Analyzing electric utility data using machine learning
blog.ai-academy.com
blog.ai-academy.com
Opower is most certainly not an 'Artificial Intelligence company'. Opower's foundations are in Behavioral Science, literally applying the results of an experiment performed by Robert Cialdini to electrical utilities all over the world. (http://www.slate.com/articles/technology/the_efficient_plane...). If being a 'Big Data company' is a thing, that would better describe Opower - they ingested massive amounts of utility customer usage data, and from that were able to find similar house holds, rank them, and produce a behavioral effect that worked. It's an impressive feat but not AI.
Also, I really hope "I recreated this AI company in a weekend" isn't the new "I recreated Twitter in a weekend." No, you didn't.
Most utilities have existing load reduction programs in place that do this kind of analysis via subcontractors who build energy efficiently plans. In my state, you can get substantial energy discounts if you agree to let the system operator control a portion of your electric supply and shut stuff off when there is a peak usage event.
All of these contractors bid on this stuff. If I can pay this guy or some other random consultant guy to do this analysis with more modern techniques, I can get rid of 3-5 energy engineers @150k of payroll and benefits each. That means I win the bid.
I can guarantee you that paying this guy money that will make him do backflips will cost maybe 10% of what it would cost if I went to Oracle or IBM.
You folks who work with this stuff don't understand how poor the tooling is in verticals like this. If you ever have an opportunity to see IBM Watson people in the room with CIOs, take it and try not to shake your head too much. They demonstrate analysis that is much less robust than this of things like help desk tickets, and CIOs think they've met HAL.
I apologise if this is nitpicky, but I think a more accurate description would be "I reverse-engineered a $500M AI company's algorithm in one week".
Never mind the fact that k-means is ML 101 and the $500M company is likely using more sophisticated ones, the fact that he says the following tells me he's just reading tutorials and plugging data into libraries (which is fine but not with this tone of know-it-all writing):
"I played with the number of clusters, and the one that allowed me to get the most significant clusters was 6 (this was a trial and error approach, for brevity I’ll report just the final outcome)."
Anyone who has studied clustering knows you would at the very least do a scree plot here. You can defer to intuition but there's more to it than running kmeans and claiming you've reverse-engineered a $500M company.
Normally we can find representative language in the body of an article to serve as a substantive title, but I tried and came up empty in this case. That can't be a good sign.
It is honestly one of the reasons I am cutting down on producing blog articles on those topics, because I can't compete with clickbait-articles-which-peddle-machine-learning-as-magic-when-it-is-not, and it is beginning to get frustrating.
I perfectly know that the title is an exaggeration, but choosing an headline for medium is a tough job :)
The reason why I chose to call it like this, is not just to get a couple of clicks, but because while talking to companies that are not ML-aware I often get the question: "how the hell does X do that?!?!?", and the answer 80% of the time could be 4 lines of sklearn.
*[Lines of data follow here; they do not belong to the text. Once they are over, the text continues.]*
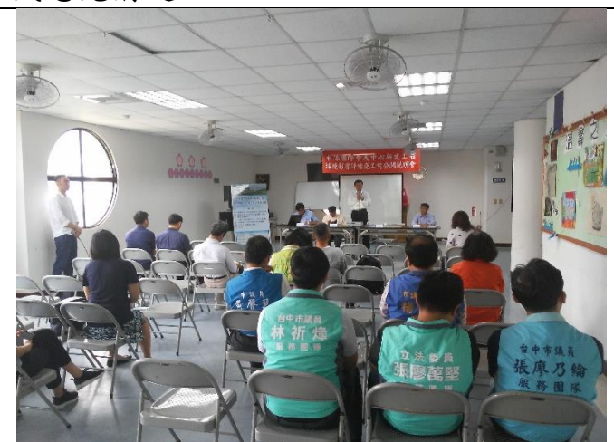
開發單位與里民意見溝通 3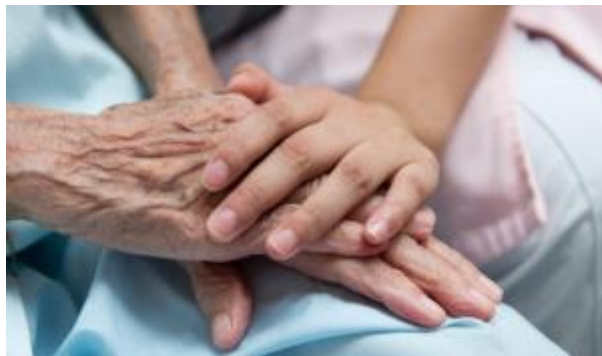
13 - Permiso para atender el cuidado de un familiar de primer grado ( click aquí )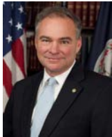
SEN. TIM KAINE (D-VA)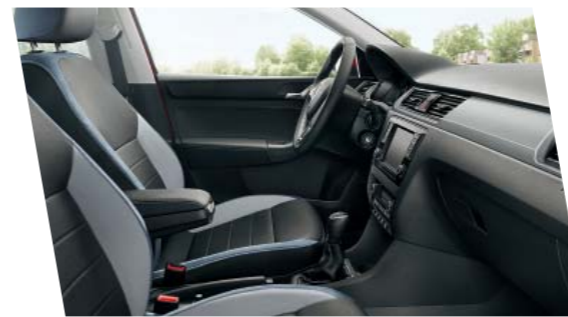
Interiér Ambition, modrý, dekor Silver Brushed

Verze Ambition nabízí černé dekorativní prvky jako klíčky dveří, rámečky ventilace, rámečky přístrojů ve sdruženém panelu a detaily na volantu. Ovladače topení a kroužek na řadicí páce jsou chromované. Základní výbava zahrnuje například loketní opěru vpředu, schránku na brýle a centrální zamykání s dálkovým ovládním.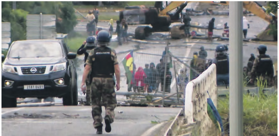
Affrontements à Nouméa en 2024.

était la réponse de l'État français aux émeutes qu'il a lui-même déclenchées en annonçant en mai 2024 l'élargissement du corps électoral au détriment des Kanaks, les rendant minoritaires dans leur propre pays. Cet accord prétendait donner des gages aux Kanaks en instaurant un « État de Nouvelle-Calédonie » au sein de l'État français qui aurait ainsi conservé la main sur l'armée, la police, la jus-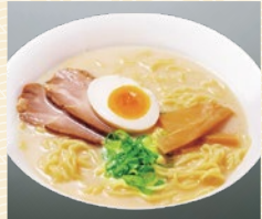
横浜 皇朝 海老鶏白湯ラーメン 20点限り 540円 (2人前)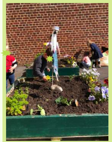
Classe TPS PS MS de Maisoncelle Tuilerie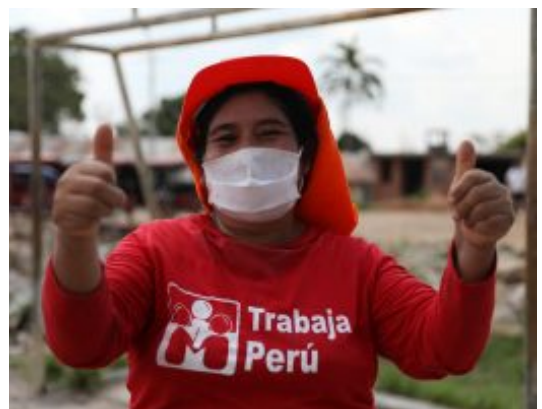
Aprueban reglamento de Ley que promueve la inserción laboral de mujeres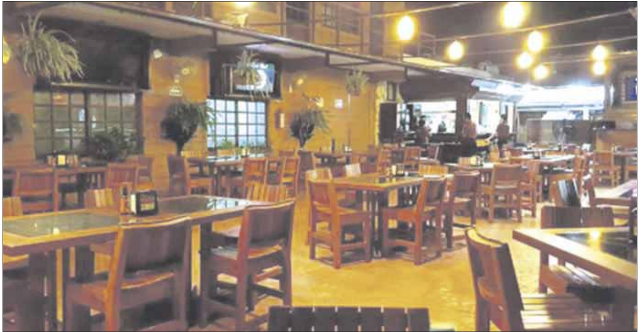
La Canirac de Cancún, Puerto Morelos e Isla Mujeres celebró que varias cadenas de comida decidieron apostar por el Caribe mexicano en 2021.

No obstante, asegura que los establecimientos que quedaron de por vida son los que ahora salen muy fácilmente; en cambio los que son nuevos tratan de generar cosas nuevas para atraer a todo tipo de comensales “Ofrecen otras expectativas, no sólo relacionadas con la comida, como un saxofonista, violinista,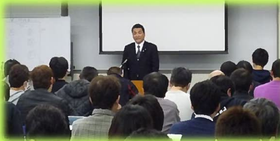
組合新任役員研修会（11月19日） 産業振興センター（刈谷市）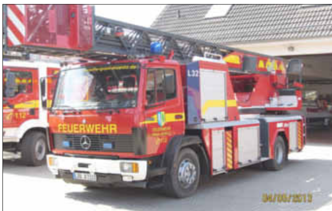
Die Drehleiter DL 23/12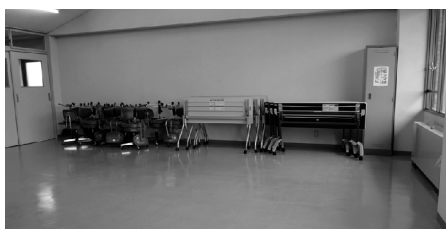
イスとテーブルは常時教室後部に設置

施設名は研修室ですが、B棟2階の“創作室”とほぼ同じように使える部屋です。弦楽器(ギター・琴・三味線・二胡)ハーマモニカなどの比較的音の小さな楽器の練習や、フラダンス・フォークダンス・日舞などのダンス系の練習に適しています。会議には最大で20人分のイスとテーブルの利用が可能です。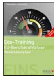
Trainer-Handbuch Eco-Training Broschüre inkl. Sammelordner, 17 x 24 cm Bestell-Nr. 24725Z

Der hochwertige Sammelordner hilft Ihnen beim Abverkauf aller Module.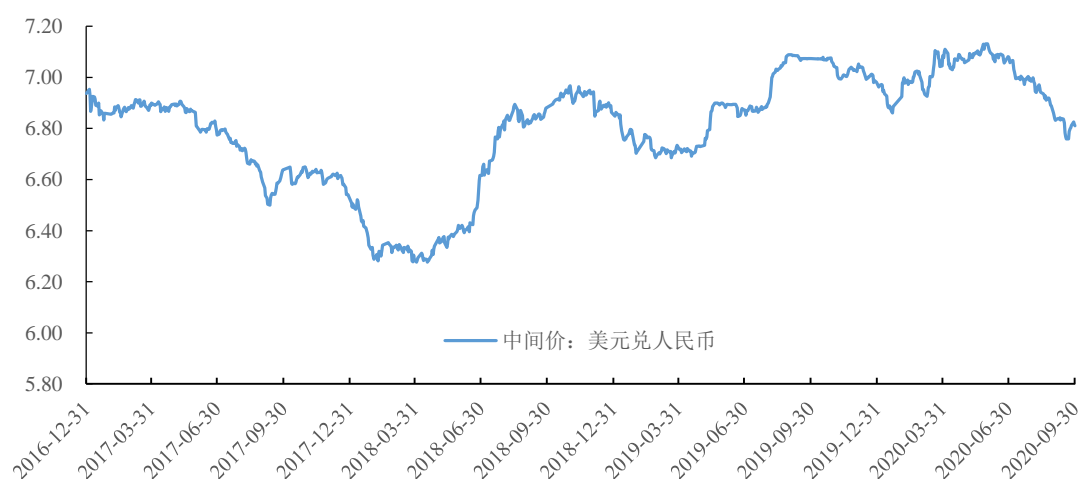
美元兑人民币汇率走势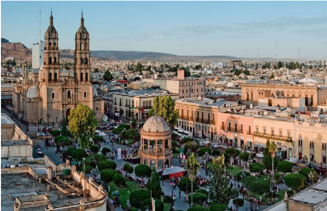
Gómez Palacio, Durango.

Sin embargo, el estudio indica que los habitantes de La Laguna "no entendían lo que estaba pasando, no tenían una idea clara de qué estaban enfrentando". Fue a partir de que un grupo de empresarios de la región comenzó a explorar a fondo el tema, que los diferentes sectores sociales comenzaron a jugar un papel cada vez más determinante para implementar una serie de medidas que permitieron reducir significativamente los niveles de violencia.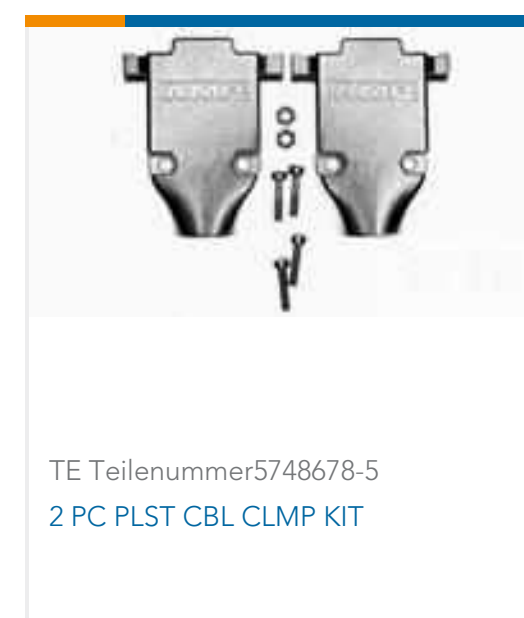
TE Teilenummer 5748678-5 2 PC PLST CBL CLMP KIT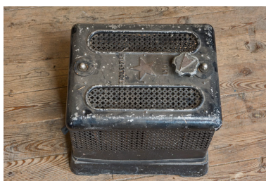
Redresseur. IVR26_20257100715NUC4A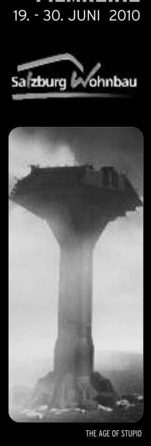
THE AGE OF STUPID

Bis zum Jahr 2000 war in Kalifornien eine ganze Flotte von Elektro-Autos unterwegs. Die meisten Besitzer - unter ihnen Tom Hanks und Mel Gibson - lobten ihre EV- und lobten ihre exzellenten Fahreigenschaften. Doch die Tage der umweltfreundlichen Viereräder waren bald gezählt. Die ungläublichen Hintergründe des Verschwindens der schönen Flitzer deckt diese Dokumentation auf: spannend wie ein Krimi - und gefährlich aktuell.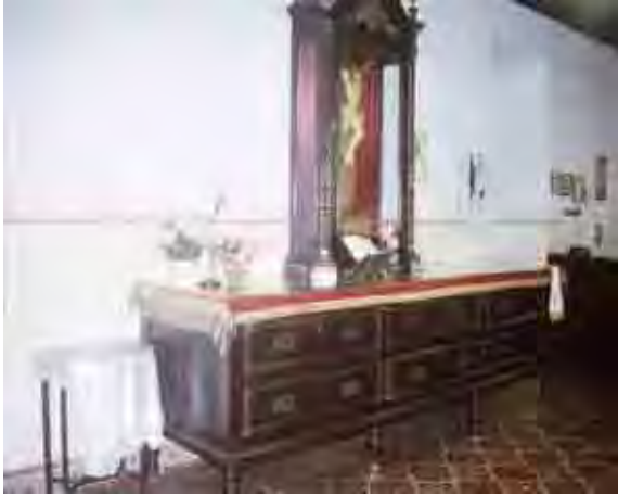
Figura 47. Arcaz e Oratório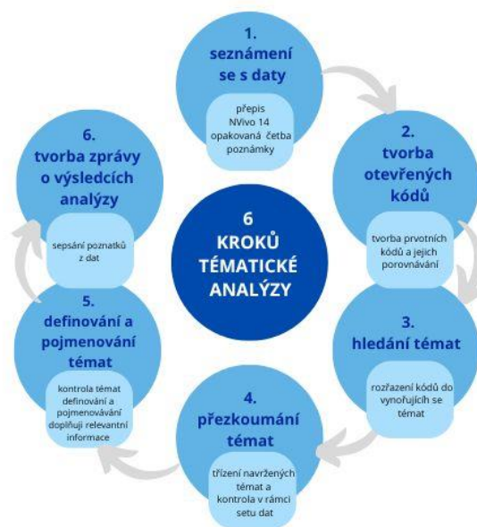
Schéma 1. Schéma postupu tematické analýzy. Adaptováno pro účely této práce z Brumovská a kol. (2022)

Braun a Clarke (2006) proces vytváření tematické analýzy rozdělují do šesti fází. Nejedná se o lineární postup, práce postupuje v iterativních cyklech, kdy se jednotlivé fáze navzájem prostupují. Zdůrazňují, že ve své podstatě se kódování vyvíjí a definuje v průběhu celého procesu analýzy. Ve své práci jsem na základě těchto šesti pospaných fází postupovala od seznámení s daty (fáze 1), přes revizi kódu (fáze 3) po definování a pojmenování témat (fáze 5). Celý proces probíhal s pomocí mezinárodně uznávaného softwaru k analýze kvalitativních dat QSR NVivo 14.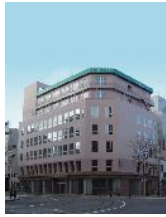
▲スキノグリーンホテル2 外観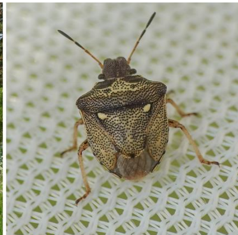
Kuva 2 (vas.). Vanhan asutustilan entistä peltoa, jossa on ketomaisia osia. Kuva 3 (oik.). Vaskilude. Lepästensuo 14.6.2023

Lepästensuon pohjoisosassa on kaksi hylättyä asutustilaa, joiden pellot ja pihapiirit ovat osin metsittyneet. Niiden ympäristössä kasvaa suuria haapoja, joten liito-oravan esiintyminen alueella on mahdollista. Rakennukset ovat pääosin hävinneet, mutta Saarelan tilan päärakennus on edelleen melko hyvässä kunnossa. Yksittäiset pajut, heinäkasvillisuus ja koiranputket vallitsevat entisillä pelloilla, mutta lähellä Saarelan päärakennusta on pienialaisia ketomaisia osia (kuva 2), joissa kasvaa mm. mataroita ja metsäkurjenpolvea. Alueelta löytyi kesäkuun maastokäynnillä melko äskettäin maahamme levinnyt melko harvinainen vaskilude ( Eysarcoris aeneus ) (kuva 3).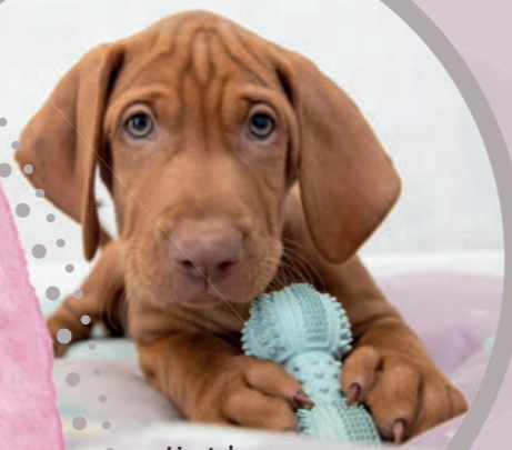
Hantel #33343 UVP 5,49 €

Mit Wasser vollsaugen, einfrieren, erfrischen! Ideal beim Zahnwechsel.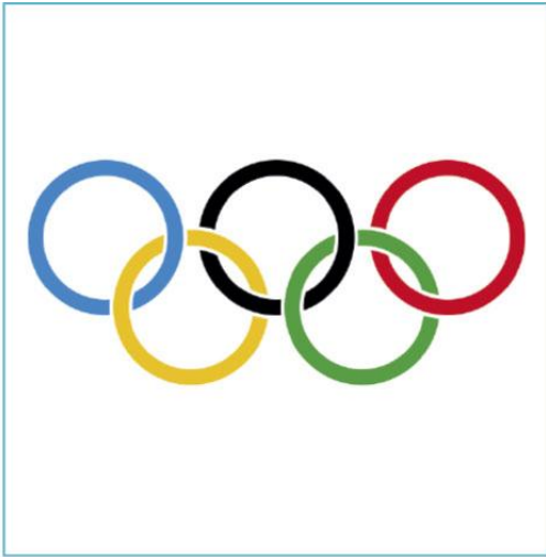
Por Pierre de Coubertin (trazado por Denelson83), via Wikimedia Commons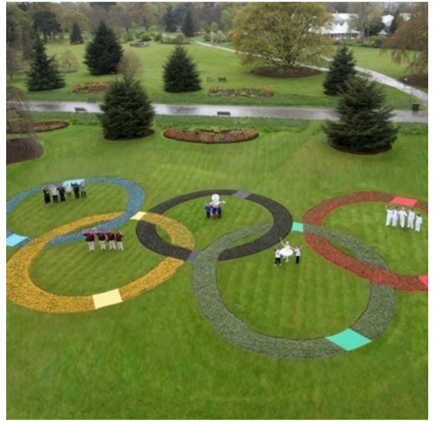
Рис. 3. Ophiopogon planiscapus 'Nigrescens' в композиции (Лондон, 2012 г., электронный ресурс ).

Fig. 2. Liriope muscari in landscape architecture (Spain, Barcelona, 2015).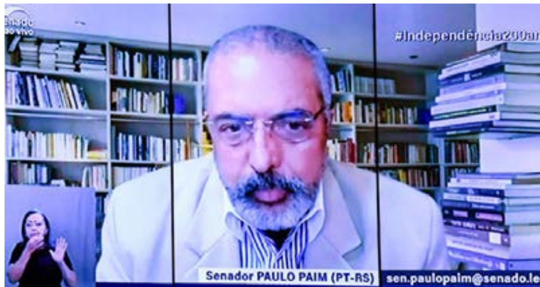
Para o senador Paulo Paim, a falta de consumo de leite só faz aumentar a insegurança alimentar.

“É importante lembrar que o aumento que o consumidor teve no litro de leite chegou a 130% e o aumento para o produtor ficou em torno de 30%. Essa situação não é justa. O consumidor pagando R$ 10 o litro e o produtor vendendo a R$ 2,80 o litro. Essa conta não fecha. É inexplicável”, afirmou o senador. (Agência Senado)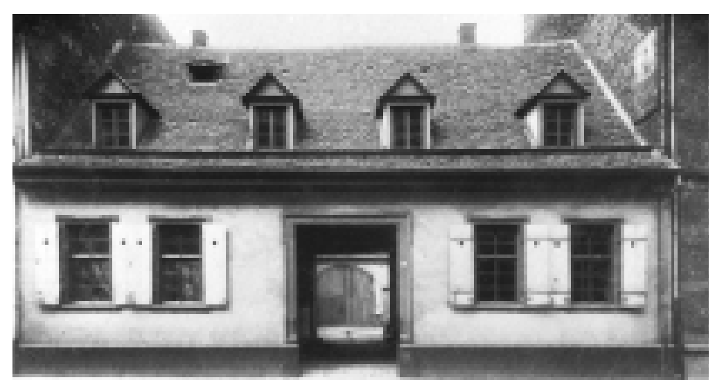
Im 18. Jahrhundert wird auf T 2, 14 ein eingeschossiges Gebäude errichtet, wie es das Foto von 1910 noch zeigt. 1926 lässt es die Stadt Mannheim, der dieses Haus damals gehört, im Stil des 18. Jahrhunderts aufstocken.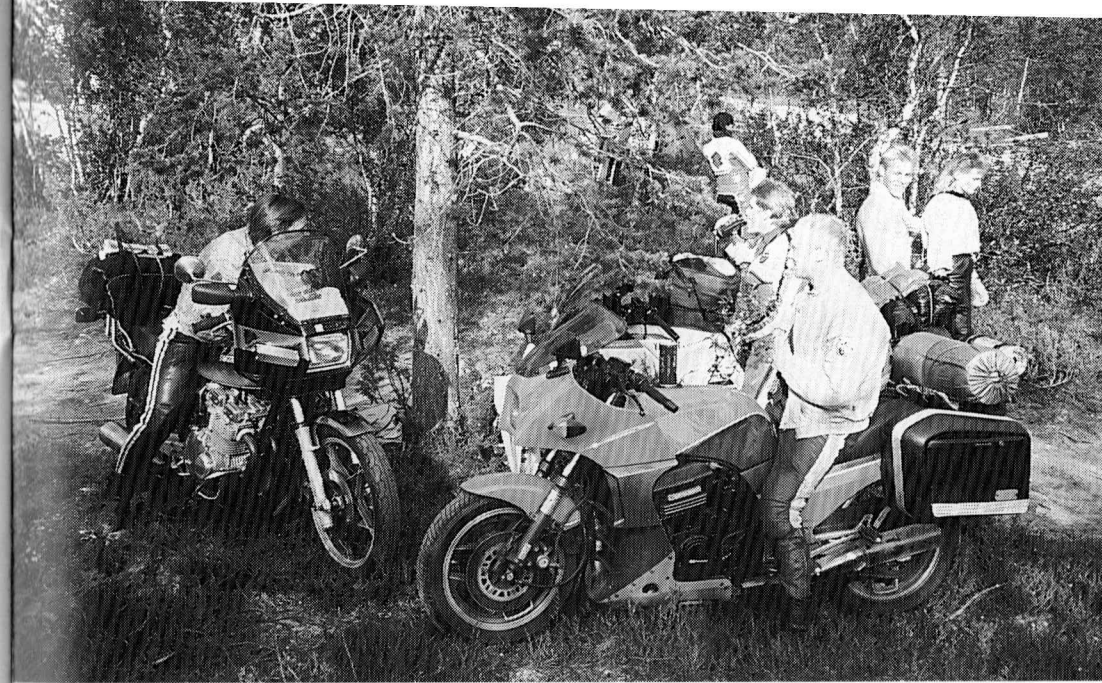
Kemijärven "mattimyöhäset" ovat vihdoin saapuneet Kontioon huiman 230 km:n ajon jälkeen.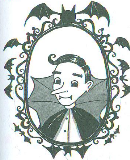
Мій татко граф Бартолом'ю Мун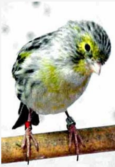
Ágata amarillo Mosaico

El defecto principal de esta variedad, es la tendencia al rojo.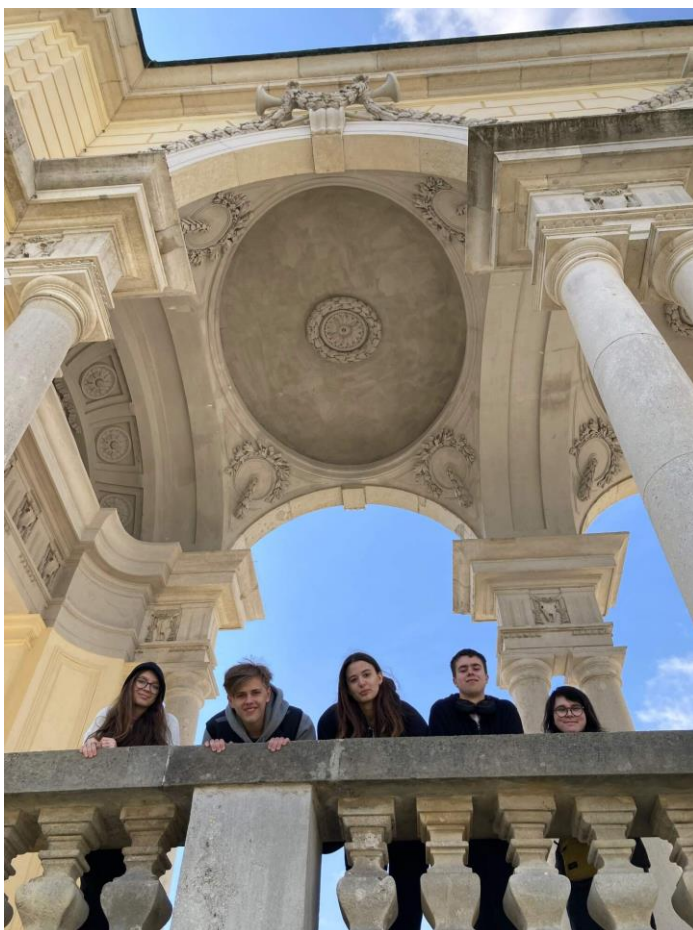
Gloriette nad zámkem Schönbrunn

Druhý den jsme se sešli na snídani v půl osmé ráno. Po posilnění se lívanci z lívancového stroje jsme nastoupili do autobusu a vyrazili směr Schönbrunn . Letní sídelní rezidence panovnického rodu Habsburků se 1441 pokoji většinu z nás zaujala. Na schodech v zadní části zámku jsme si ještě nechali udělat hromadnou fotku a prošli se až ke Gloriette , odkud byl pěkný výhled nejen na samotný zámek, ale i na velkou část Vídně. Potěšilo nás, když se mnozí sháněli po dominantě města - Stephansdomu , kterou si z předešlého dne vepsali do paměti. Od Gloriette ale vidět nebyl, ačkoliv s jeho úctyhodnou výškou věží ční do dálky. Nám zůstal skryt za lesem. Přeci jen jsme se nacházeli v západní části města a do jeho samotného středu jsme se vraceli až odpoledne.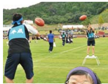
ナイスキャッチで 思わず笑顔 【ボールは踊る】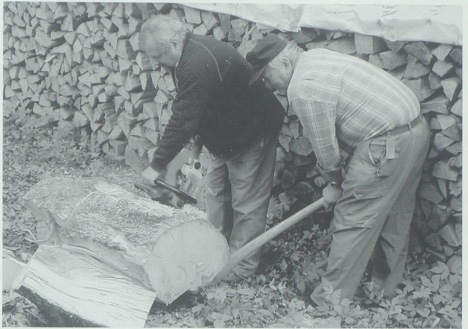
Auch das Abholz, die «Heierlig», wird mit der Motorsäge zerkleinert und ergibt bestes Heizmaterial.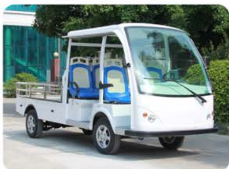
双排座公交座椅款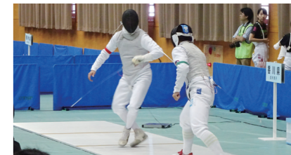
国民体育大会で活躍する郷土選手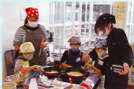
▲「親子料理教室」の様子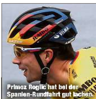
Primož Roglič hat bei der Spanien-Rundfahrt gut gelacht.

Bis zum entscheidenden Zeitfahren am Sonntag in Mailand stehen zwei weitere Bergetappen auf dem Programm. Der Spanier Marc Soler hat die zweite Etappe der Vuelta gewonnen. Der 26-Jährige setzte sich nach 151,6 Kilometern von Pamplona nach Lekunberri als Solist durch, nachdem er sich 15 km vor dem Ziel bei der Abfahrt von der letzten Bergwertung aus einer Spitzengruppe hatte absetzen können. Den Sprint der Verfolger gewann 19 Sekunden später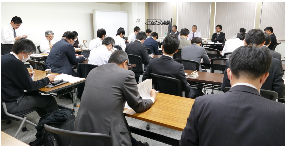
第19回無線LANシステム開発部会の様子

My goal is to spread awareness on the potential of ML among companies: my intended audience was not ML engineers, to whom this article looks more like "I spent 6 days cleaning data, 20 minutes plotting different clusters representations, and the rest of the day writing an article", but the business person that is not fully aware of what it means to use ML today, and to whom it looks like something amazing and extremely valuable.
Does it make more sense now? :D
Keep in mind that clickbait titles do get penalized on Hacker News, as dang notes.
I'm trying to make business execs more eager to experiment ML in their companies, and less afraid about the years of R&D and skynet scenarios they currently relate AI to.
The title was an hyperbole? Yes, but it worked in getting the attention of my target audience. Anyone trying to work as an ML engineer knows that what I did is simple and far from being worth $500M, but should still thank me for spreading awareness on the potential of this technology among who's still scared.
On the other hand, this is excellent PR for Opower.